ScabbyHorse · 08/09/2024 22:17

It's hard to say ... I had a baby in similar circumstances and it has worked out in the end but was quite difficult sometimes. However I wouldn't change it for the world. I wouldn't let your parents pressure you into getting back with him if he is emotionally abusive though. It sounds like you'd have to go it alone.
Can you wait a few more weeks before deciding?

Suzanna786 · 10/09/2024 22:27

@ScabbyHorse did you go through the pregnancy alone? How did things turn out in coparenting with your ex? My ex is a narcissist who will definitely try to turn the child against me, even if we stayed together. Does it feel lonely as a single mother sometimes?

NeonCarrot · 11/09/2024 03:23

Is your ex physically or emotionally abusive? Would there be risks for allowing him partial custody of the baby? If he is employed, he probably wouldn't be able to look after a baby, and there's no way he's driving all that time on a weeknight. It sounds like at the worst he might get every other weekend, something like that. Maybe if you make it clear you're through with him, he will look for a new partner and be willing to have minimal involvement with this child. But it sounds like you very much want this baby, and when women abort very much wanted children, it rarely goes well for her. I really hope you can find a way to make this work, and I'm sorry that you had to endure so much from this man. I hope you'll find a much kinder and gentler person to be your future partner.

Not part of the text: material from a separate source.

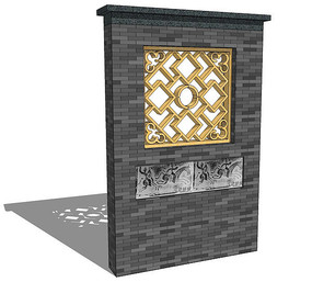 中式庭院砖雕浮雕图案景观墙照壁SU模型

Suzanna786 · 11/09/2024 08:49

@NeonCarrot What if he quits his job as he’s got some health issues and moves in with his parents, will he get more custody? He is emotionally abusive towards me but would love his child and he’ll use it to hurt me. He would justify turning the child against me and undermine me as the mother, he’ll also do his best to make me feel like I’m a bad mother. I’m starting to think abortion might be the best option.

NeonCarrot · 12/09/2024 19:18

Even if he isn't an ideal father, you stated that you very much want a child and that you were worried you couldn't conceive, so you should treat this like your best chance to have a baby. If you are not worried about him mistreating your child, you could make shared custody work out. Your child will love and trust you as all children do their mums, even if he tells them lies about you. Hopefully he will grow up a little and realize that trying to turn the child against you will only make your son or daughter's life more difficult and painful. You can assure the child that dad is only saying these things because he's upset with mum, something like that. If he really does love his child, he won't want to do anything to risk losing custody or facing charges (such as if he threatens you via text or voicemail). If you really want this baby, I wouldn't let all the things that could possibly happen stop you. Hopefully you will start a new relationship with someone who loves you and your child, and can back you up and support you when your ex is being difficult. From your original post, it just sounds to me like abortion would be extremely emotionally painful for you, as this is a very much wanted child. Don't let your ex take the experience of motherhood away from you, it sounds like he's taken enough from you already.